GasLog Partners is a publicly traded master limited partnership but has elected to be treated as a C corporation for U.S. income tax purposes, and therefore its investors receive an Internal Revenue Service Form 1099 with respect to any distributions declared and received.
Shareholders receive a 0.77% dividend. Jefferies recently upgraded the stock from Hold to Buy and lifted the $5.00 target price to $6.50. The consensus target is $4.90. The stock closed on Friday at $5.58.
This is one of the biggest airlines in South America and is a solid idea for traders with a touch less risk tolerance. GOL Linhas Aéreas Inteligentes S.A. (NYSE: GOL) provides air passenger transportation services in Brazil, the rest of South America, the Caribbean and the United States.
The company operates through Flight Transportation and Smiles Loyalty Program segments. It also offers cargo transportation and logistics services. In addition, the company provides Smiles loyalty programs with approximately 18.2 million members, allowing clients to accumulate and redeem miles. It operates a fleet of 120 Boeing aircraft, with 750 daily flights to approximately 100 destinations.
Barclays recently started coverage of the South American airline with an Overweight rating and an $8 price target. The consensus target is higher at $9.87, and shares closed Friday at $5.47.
This is an incredible energy play for investors that may be a touch more conservative. TechnipFMC PLC (NYSE: FTI) engages in the oil and gas projects, technologies and systems and services businesses. It operates through three segments.
The Subsea segment manufactures and designs products and systems; performs engineering, procurement and project management; and provides services used by oil and gas companies involved in deepwater exploration and production of crude oil and natural gas.
The Onshore/Offshore segment designs and builds onshore facilities related to the production, treatment and transportation of oil and gas, and it designs, manufactures and installs fixed and floating platforms for the production and processing of oil and gas reserves.

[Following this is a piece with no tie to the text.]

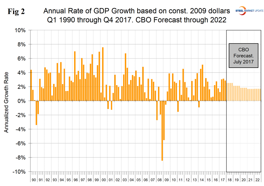 Figure 2 shows the headline quarterly results since 1990 and the July 2017 Congressional Budget Office forecast through 2022. Growth in the fourth quarter was better than the CBO forecast. The IMF forecasts global and national economic growth each April and October. In the October 2017 IMF update, the forecast of U.S. economic growth was revised down for each year through 2022. The 2017 growth forecast was revised from 2.31 percent down to 2.18 percent, while the 2018 forecast was adjusted from 2.52 percent down to 2.34 percent. Evidently, the IMF significantly underestimated the 2017 performance, and we expect an upward revision next month.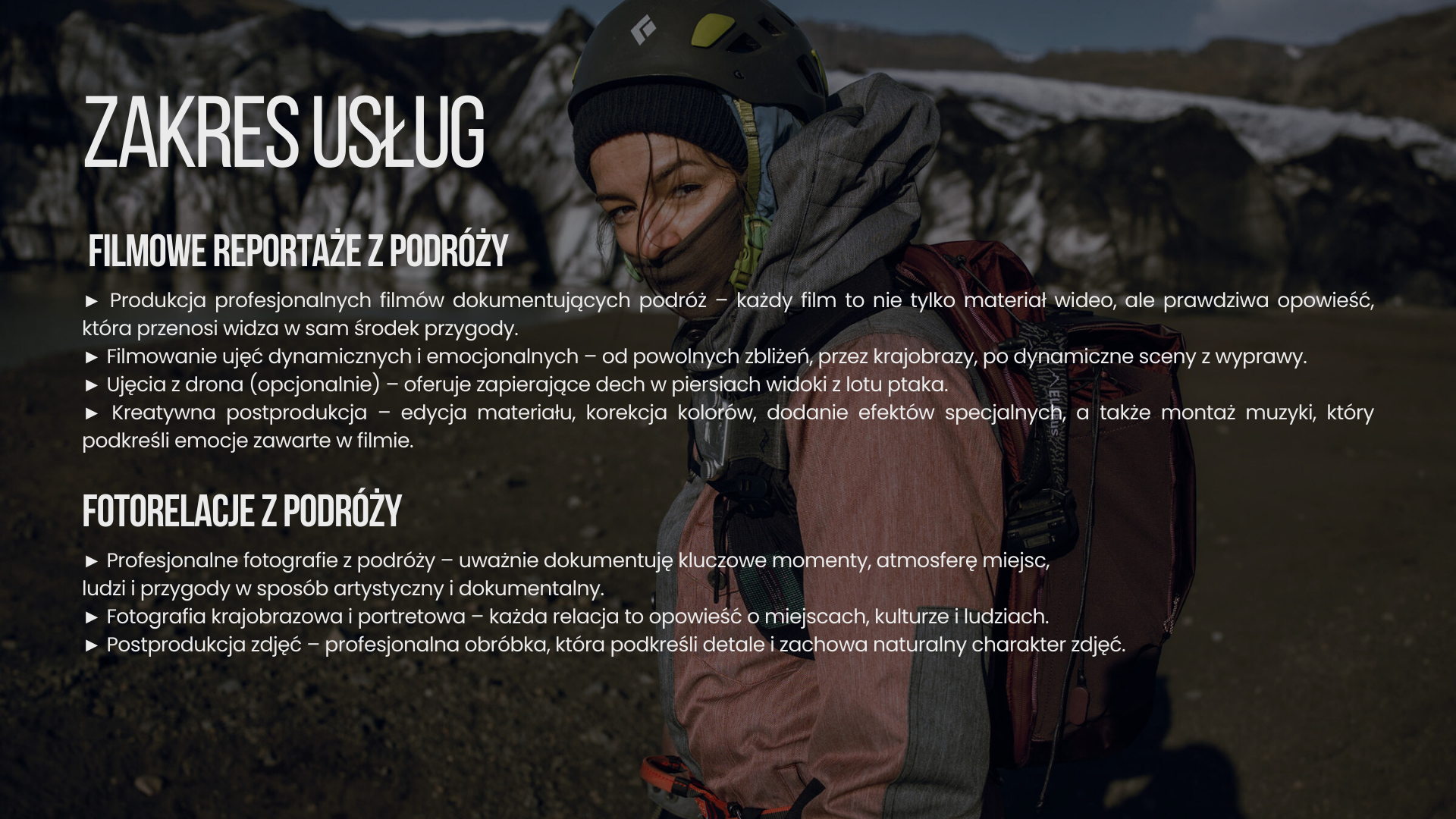 PRODUKCJA i POSTPRODUKCJA FILMOWA Tworzę dynamiczne reportaże, relacje z wydarzeń, materiały promocyjne oraz filmy dokumentujące wyprawy i projekty outdoorowe. Zajmuję się całym procesem powstawania materiału – od zdjęć filmowych, przez montaż i selekcję ujęć, aż po kolor korekcję oraz finalną formę filmu gotową do publikacji w mediach społecznościowych, na stronach internetowych czy platformach wideo.Moim celem jest tworzenie autentycznych i angażujących historii wizualnych, które oddają atmosferę wydarzeń i charakter miejsc, a jednocześnie pomagają markom wyróżnić się i budować silną obecność w świecie online.

The Surface Technologies segment designs and manufactures systems, as well as provides services used by oil and gas companies involved in the land and shallow water exploration and production of crude oil and natural gas. This segment also designs, manufactures and supplies technologically advanced high-pressure valves and fittings for oilfield service companies, and it provides flowback and well-testing services for exploration and production companies.
The $10 Piper Sandler price objective compares with a consensus target of $9.87. On Friday, the stock was was seen at $7.37 a share.
This very aggressive tech play could have upside even above the analysts’ consensus target. Zynga Inc. (NASDAQ: ZNGA) provides social game services in the United States and internationally. It develops, markets and operates social games as live services played on mobile platforms, such as Apple iOS and Google’s Android operating systems; social networking platforms, such as Facebook and Snapchat; and personal computers consoles, such as Nintendo’s Switch game console, and other platforms and consoles.
Zynga also provides advertising services, comprising mobile advertisements, engagement advertisements and offers, and branded virtual items and sponsorships for marketers and advertisers, as well as licenses its own brands.
With live events growing the company’s revenues, cost-cutting should drive margin expansion, which is very positive. The company also pops up in takeover chatter, and the low price makes it even more attractive.
BTIG Research started coverage earlier this week with a $10 price target. The consensus target is $11.43. Zynga stock closed trading at $7.38 on Friday.
These are five stocks for aggressive investors looking to get share count leverage on companies that have sizable upside potential. While not suited for all investors, they are not penny stocks with absolutely no track record or liquidity, and major Wall Street firms have research coverage.